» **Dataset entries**
○ ○ ○ ○

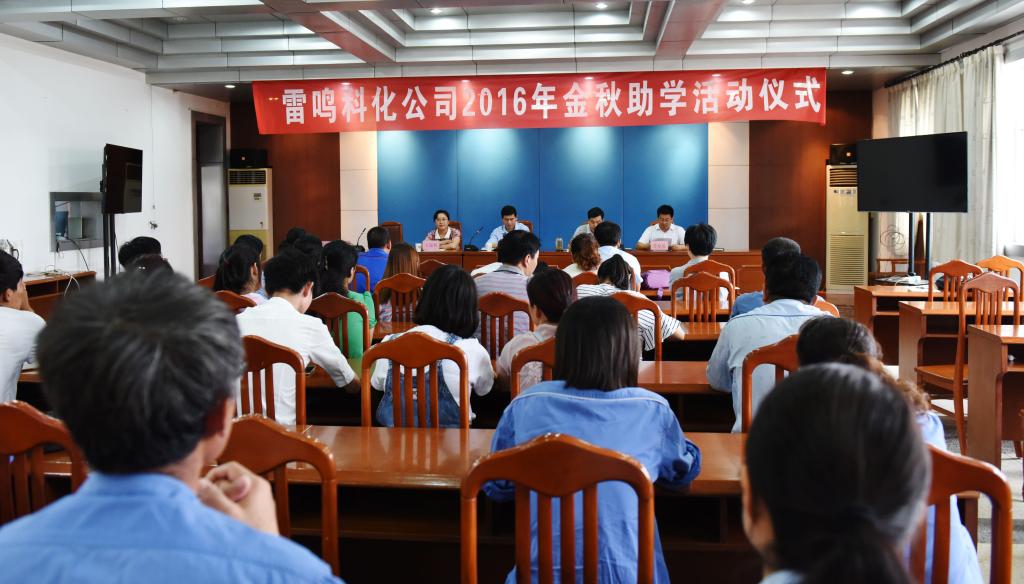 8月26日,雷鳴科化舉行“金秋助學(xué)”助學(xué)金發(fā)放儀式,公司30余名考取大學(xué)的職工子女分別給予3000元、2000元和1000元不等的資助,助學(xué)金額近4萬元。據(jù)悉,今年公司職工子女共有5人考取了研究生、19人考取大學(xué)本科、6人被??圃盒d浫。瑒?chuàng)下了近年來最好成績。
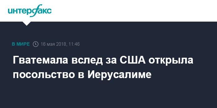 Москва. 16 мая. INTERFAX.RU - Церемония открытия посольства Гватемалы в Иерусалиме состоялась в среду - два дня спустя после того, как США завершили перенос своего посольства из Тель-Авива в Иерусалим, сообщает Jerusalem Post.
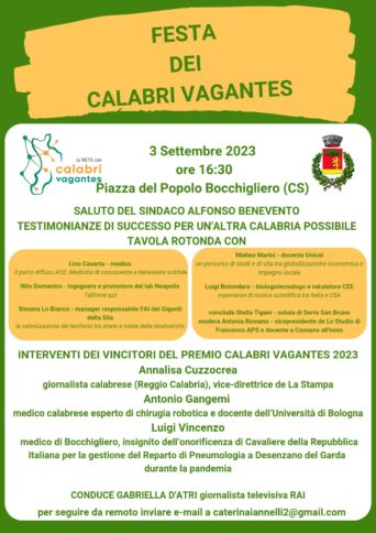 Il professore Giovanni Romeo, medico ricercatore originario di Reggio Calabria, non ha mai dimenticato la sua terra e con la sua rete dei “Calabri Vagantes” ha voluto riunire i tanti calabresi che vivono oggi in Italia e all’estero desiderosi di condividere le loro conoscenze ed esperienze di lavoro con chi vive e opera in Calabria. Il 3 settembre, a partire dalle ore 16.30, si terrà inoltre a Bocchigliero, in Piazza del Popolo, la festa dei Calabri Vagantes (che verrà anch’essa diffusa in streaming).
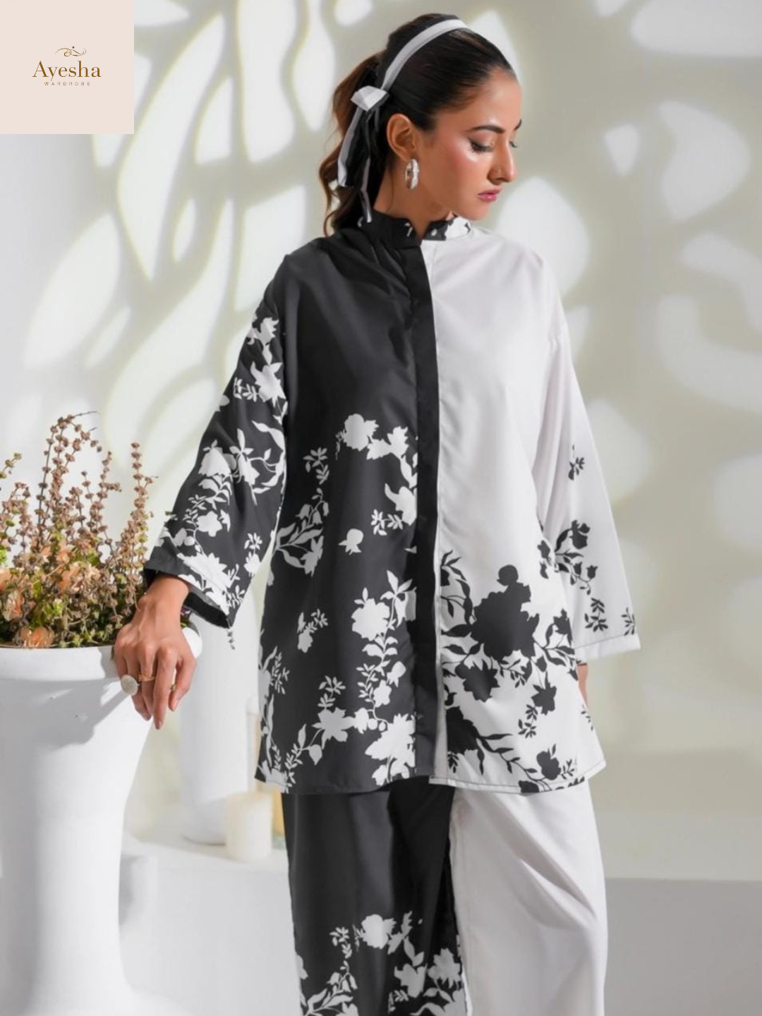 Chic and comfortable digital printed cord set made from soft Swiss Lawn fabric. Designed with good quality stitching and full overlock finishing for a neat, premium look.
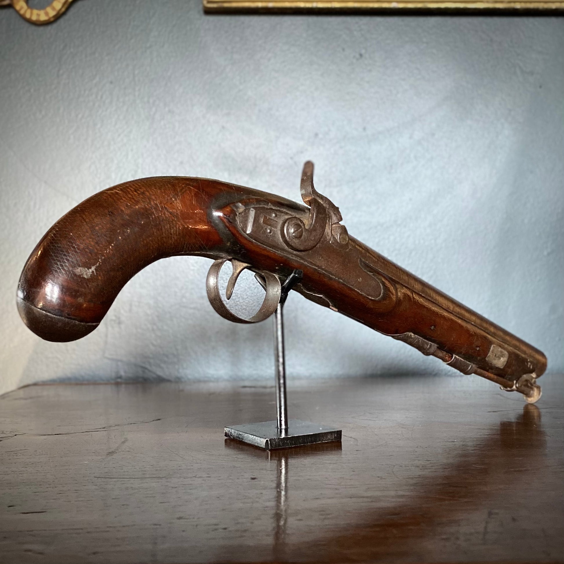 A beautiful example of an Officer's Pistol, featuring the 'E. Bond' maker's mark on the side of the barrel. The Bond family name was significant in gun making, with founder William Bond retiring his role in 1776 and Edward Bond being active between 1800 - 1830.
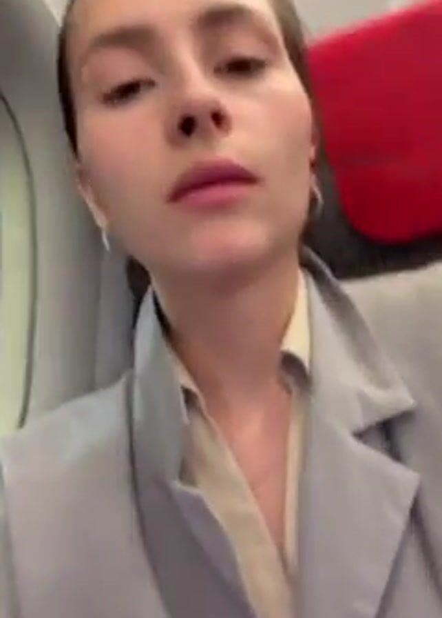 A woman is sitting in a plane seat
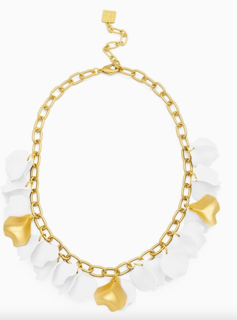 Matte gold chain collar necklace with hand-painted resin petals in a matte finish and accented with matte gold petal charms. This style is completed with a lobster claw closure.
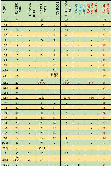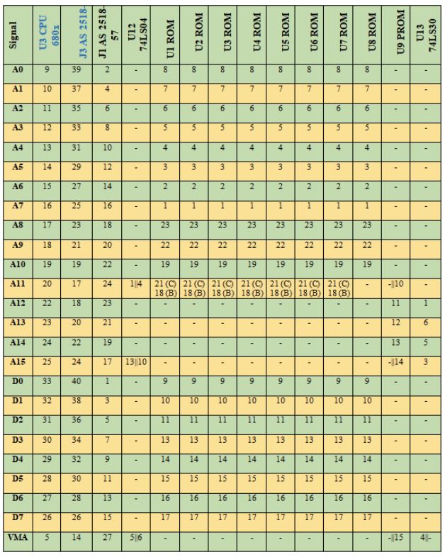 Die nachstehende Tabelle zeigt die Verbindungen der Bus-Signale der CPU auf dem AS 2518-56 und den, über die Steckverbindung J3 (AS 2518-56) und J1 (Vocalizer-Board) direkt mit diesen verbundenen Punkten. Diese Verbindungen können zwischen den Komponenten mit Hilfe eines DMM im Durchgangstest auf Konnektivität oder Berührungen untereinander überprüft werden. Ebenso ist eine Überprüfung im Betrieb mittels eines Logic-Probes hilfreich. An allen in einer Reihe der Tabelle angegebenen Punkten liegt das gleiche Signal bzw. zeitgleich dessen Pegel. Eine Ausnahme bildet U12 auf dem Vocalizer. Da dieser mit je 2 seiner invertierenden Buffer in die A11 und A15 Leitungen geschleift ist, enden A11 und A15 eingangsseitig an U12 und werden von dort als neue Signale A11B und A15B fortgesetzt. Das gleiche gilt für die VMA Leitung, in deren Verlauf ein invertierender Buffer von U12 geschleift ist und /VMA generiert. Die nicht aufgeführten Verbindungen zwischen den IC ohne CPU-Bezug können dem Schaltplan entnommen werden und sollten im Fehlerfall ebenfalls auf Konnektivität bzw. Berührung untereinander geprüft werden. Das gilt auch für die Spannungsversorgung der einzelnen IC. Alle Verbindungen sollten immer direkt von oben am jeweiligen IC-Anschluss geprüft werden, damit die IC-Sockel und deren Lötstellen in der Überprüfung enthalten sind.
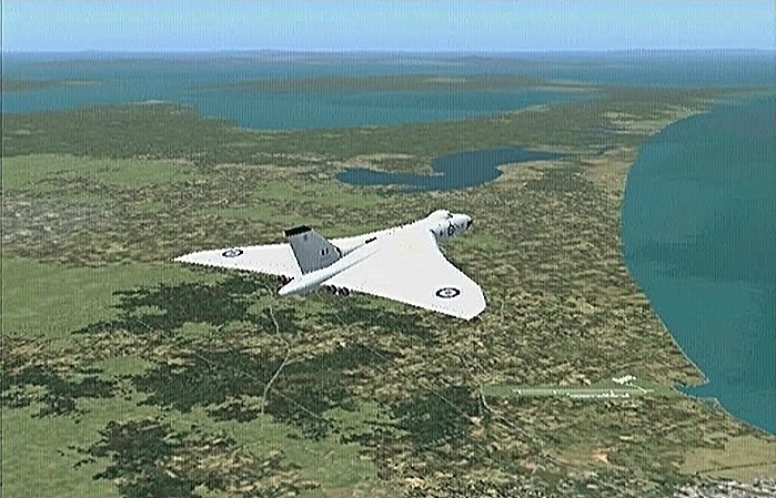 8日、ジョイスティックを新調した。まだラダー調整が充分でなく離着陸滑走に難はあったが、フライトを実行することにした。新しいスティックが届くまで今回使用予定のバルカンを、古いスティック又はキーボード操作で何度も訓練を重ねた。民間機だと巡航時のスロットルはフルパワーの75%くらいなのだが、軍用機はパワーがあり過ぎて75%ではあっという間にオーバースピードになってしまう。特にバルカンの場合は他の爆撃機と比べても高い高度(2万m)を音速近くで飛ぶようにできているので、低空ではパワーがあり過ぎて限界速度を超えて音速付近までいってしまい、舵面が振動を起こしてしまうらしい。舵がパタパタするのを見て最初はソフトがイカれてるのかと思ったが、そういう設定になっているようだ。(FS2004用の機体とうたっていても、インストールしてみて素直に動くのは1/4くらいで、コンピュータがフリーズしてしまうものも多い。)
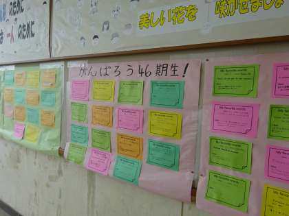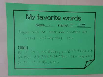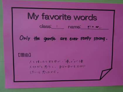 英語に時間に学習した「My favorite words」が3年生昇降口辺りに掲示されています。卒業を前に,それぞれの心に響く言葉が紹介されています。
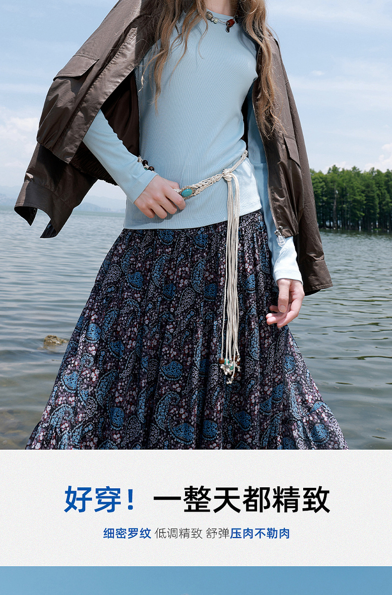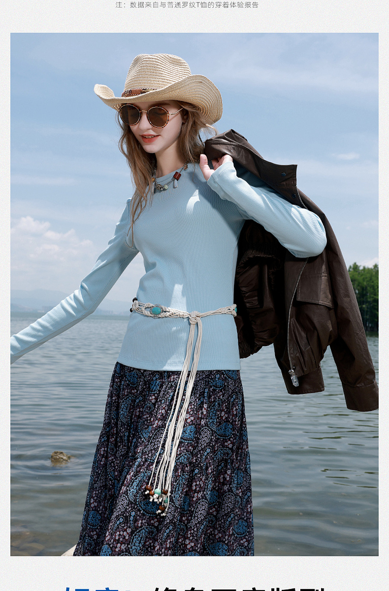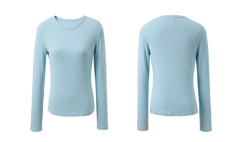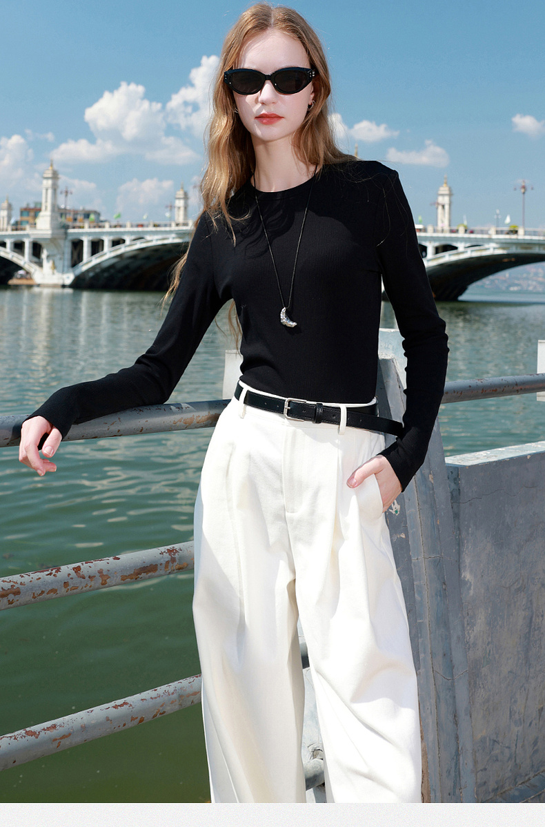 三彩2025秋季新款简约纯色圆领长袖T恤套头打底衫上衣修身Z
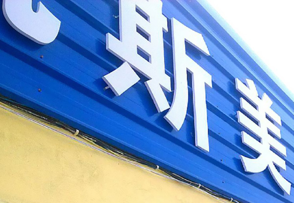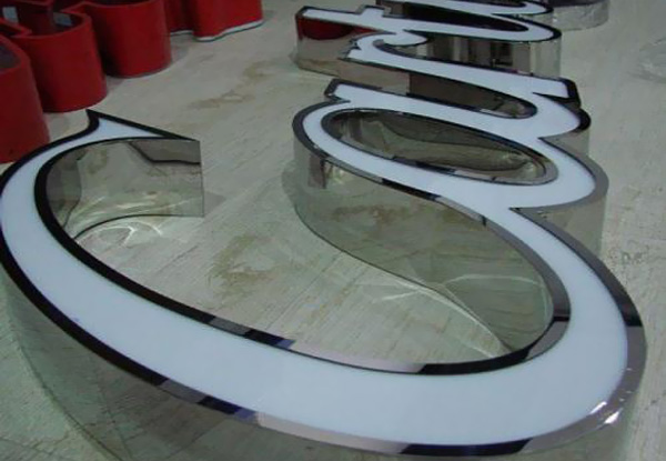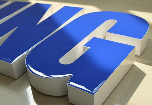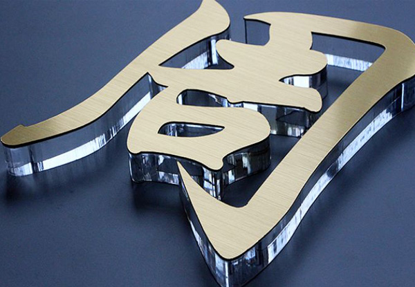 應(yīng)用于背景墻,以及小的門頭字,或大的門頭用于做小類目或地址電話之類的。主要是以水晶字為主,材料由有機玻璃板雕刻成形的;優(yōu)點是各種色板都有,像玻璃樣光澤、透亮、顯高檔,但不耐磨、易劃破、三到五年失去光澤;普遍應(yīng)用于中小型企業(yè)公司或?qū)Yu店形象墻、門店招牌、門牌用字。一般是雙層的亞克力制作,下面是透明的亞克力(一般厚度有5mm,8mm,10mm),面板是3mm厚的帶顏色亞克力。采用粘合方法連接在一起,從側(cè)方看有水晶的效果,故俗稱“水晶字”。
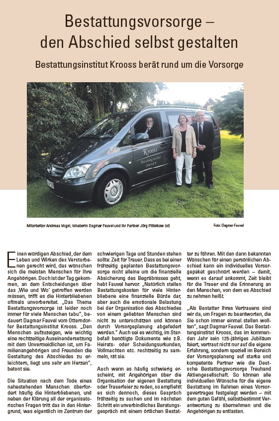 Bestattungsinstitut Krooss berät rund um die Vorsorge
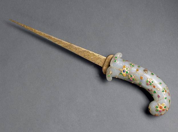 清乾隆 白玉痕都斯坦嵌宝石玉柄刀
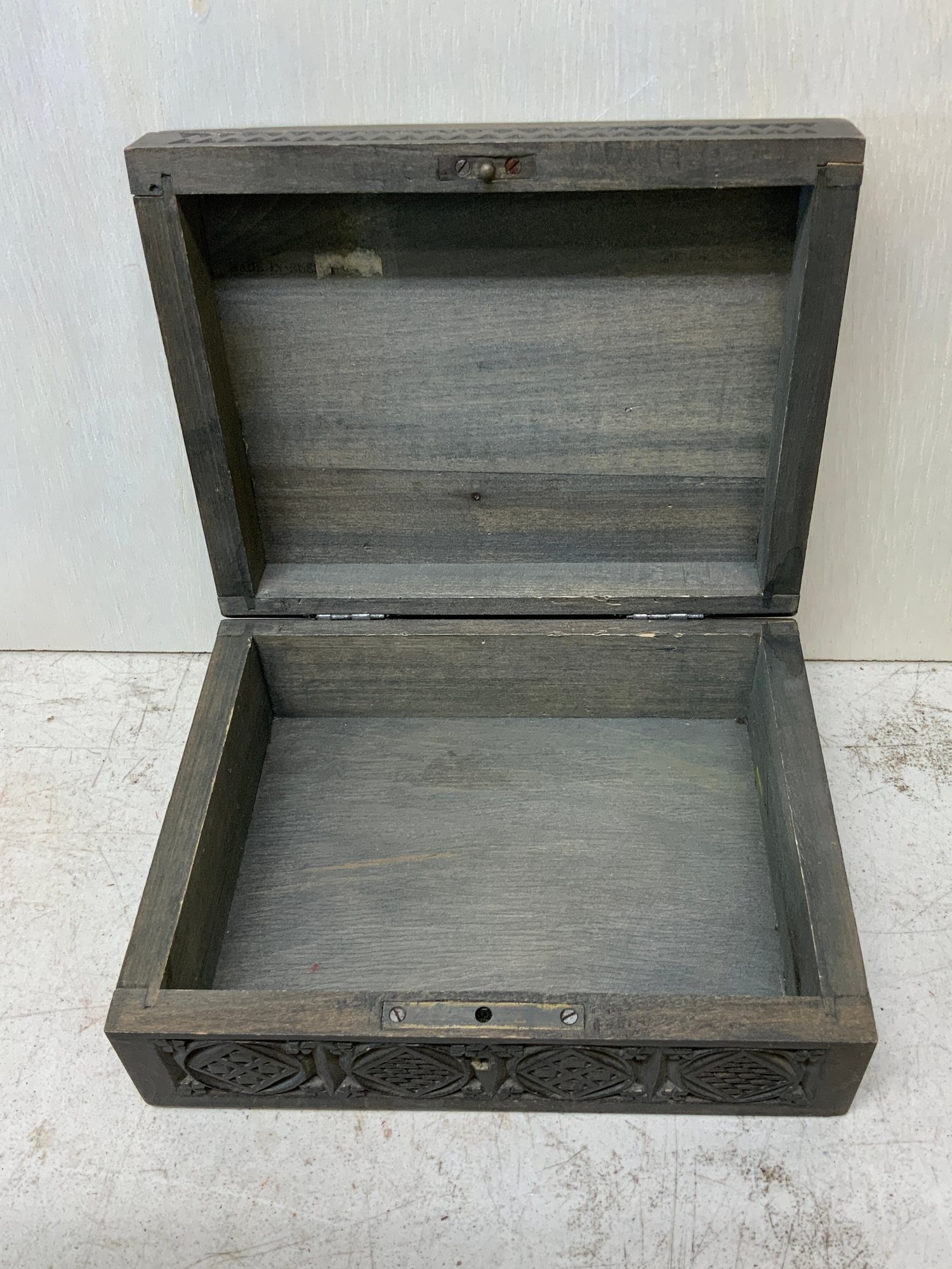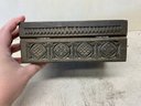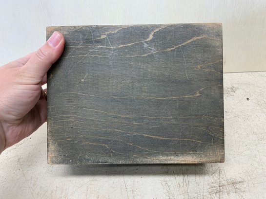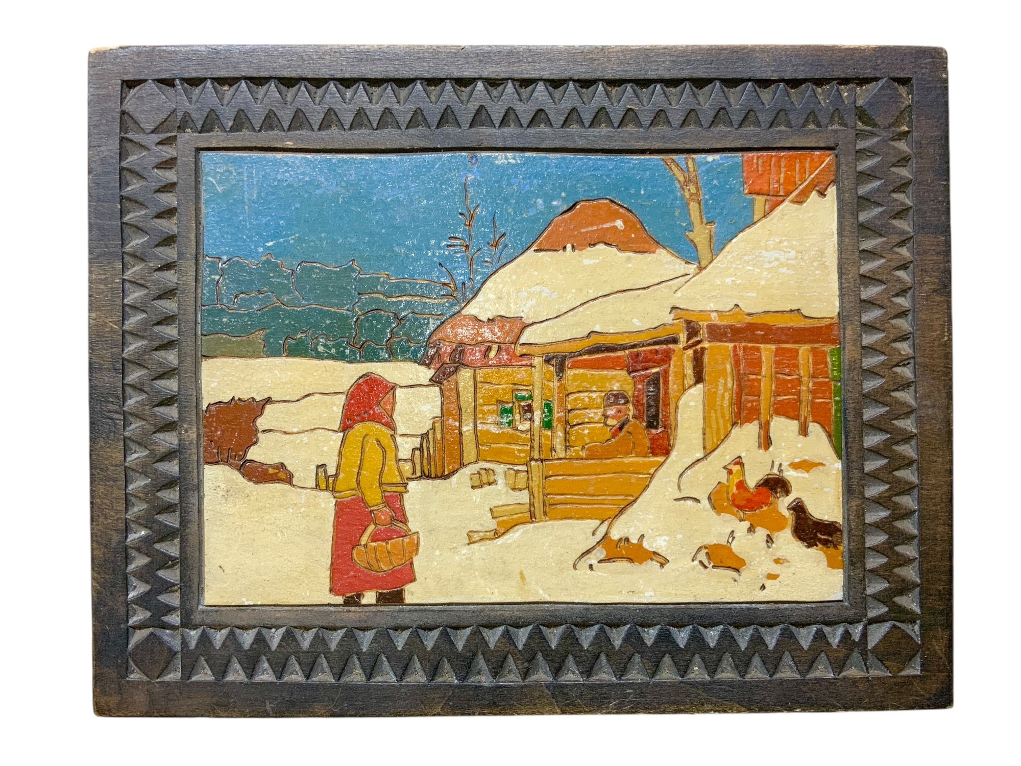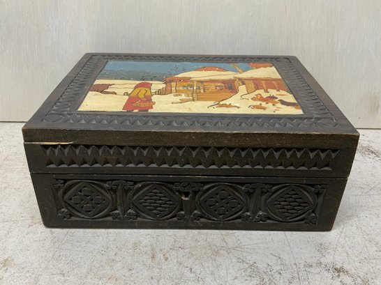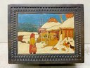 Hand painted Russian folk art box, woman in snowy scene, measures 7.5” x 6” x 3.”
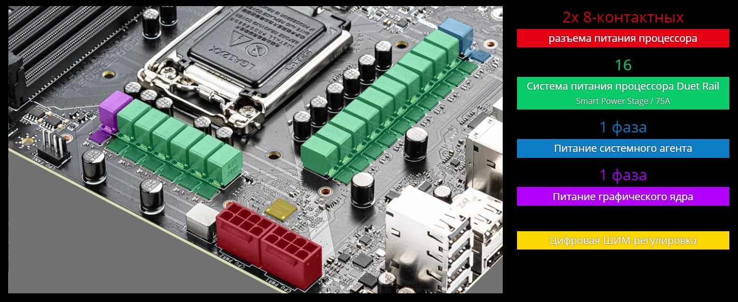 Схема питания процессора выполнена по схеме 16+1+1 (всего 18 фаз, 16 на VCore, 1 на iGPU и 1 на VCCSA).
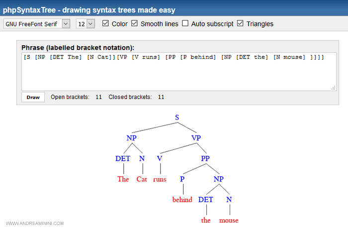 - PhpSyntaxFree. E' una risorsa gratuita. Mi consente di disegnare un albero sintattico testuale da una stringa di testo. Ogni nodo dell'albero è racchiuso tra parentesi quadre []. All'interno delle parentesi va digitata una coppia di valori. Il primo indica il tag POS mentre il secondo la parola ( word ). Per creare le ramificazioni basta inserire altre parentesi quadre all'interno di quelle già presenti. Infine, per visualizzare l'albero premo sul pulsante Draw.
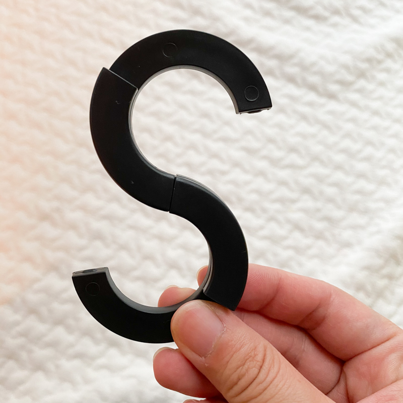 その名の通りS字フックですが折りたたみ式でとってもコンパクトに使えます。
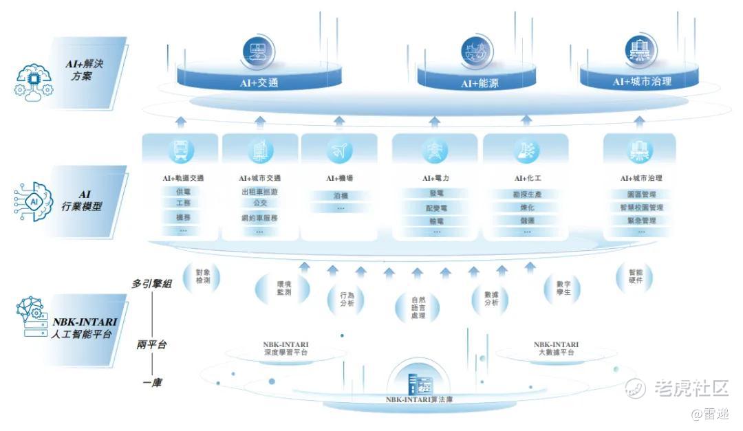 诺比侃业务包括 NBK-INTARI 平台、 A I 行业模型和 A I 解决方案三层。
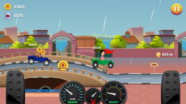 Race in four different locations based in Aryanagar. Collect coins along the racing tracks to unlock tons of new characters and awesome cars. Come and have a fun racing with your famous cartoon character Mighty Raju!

○ ○ ○ ○

» **Your assignment**
Write out the lines above from the one with "Il professore Giovanni" through the one with "Matte gold chain", ends included, exactly; no picture goes in.

» **Answer below**
 Il professore Giovanni Romeo, medico ricercatore originario di Reggio Calabria, non ha mai dimenticato la sua terra e con la sua rete dei “Calabri Vagantes” ha voluto riunire i tanti calabresi che vivono oggi in Italia e all’estero desiderosi di condividere le loro conoscenze ed esperienze di lavoro con chi vive e opera in Calabria. Il 3 settembre, a partire dalle ore 16.30, si terrà inoltre a Bocchigliero, in Piazza del Popolo, la festa dei Calabri Vagantes (che verrà anch’essa diffusa in streaming).
 Chic and comfortable digital printed cord set made from soft Swiss Lawn fabric. Designed with good quality stitching and full overlock finishing for a neat, premium look.
 A beautiful example of an Officer's Pistol, featuring the 'E. Bond' maker's mark on the side of the barrel. The Bond family name was significant in gun making, with founder William Bond retiring his role in 1776 and Edward Bond being active between 1800 - 1830.
 A woman is sitting in a plane seat
 Matte gold chain collar necklace with hand-painted resin petals in a matte finish and accented with matte gold petal charms. This style is completed with a lobster claw closure.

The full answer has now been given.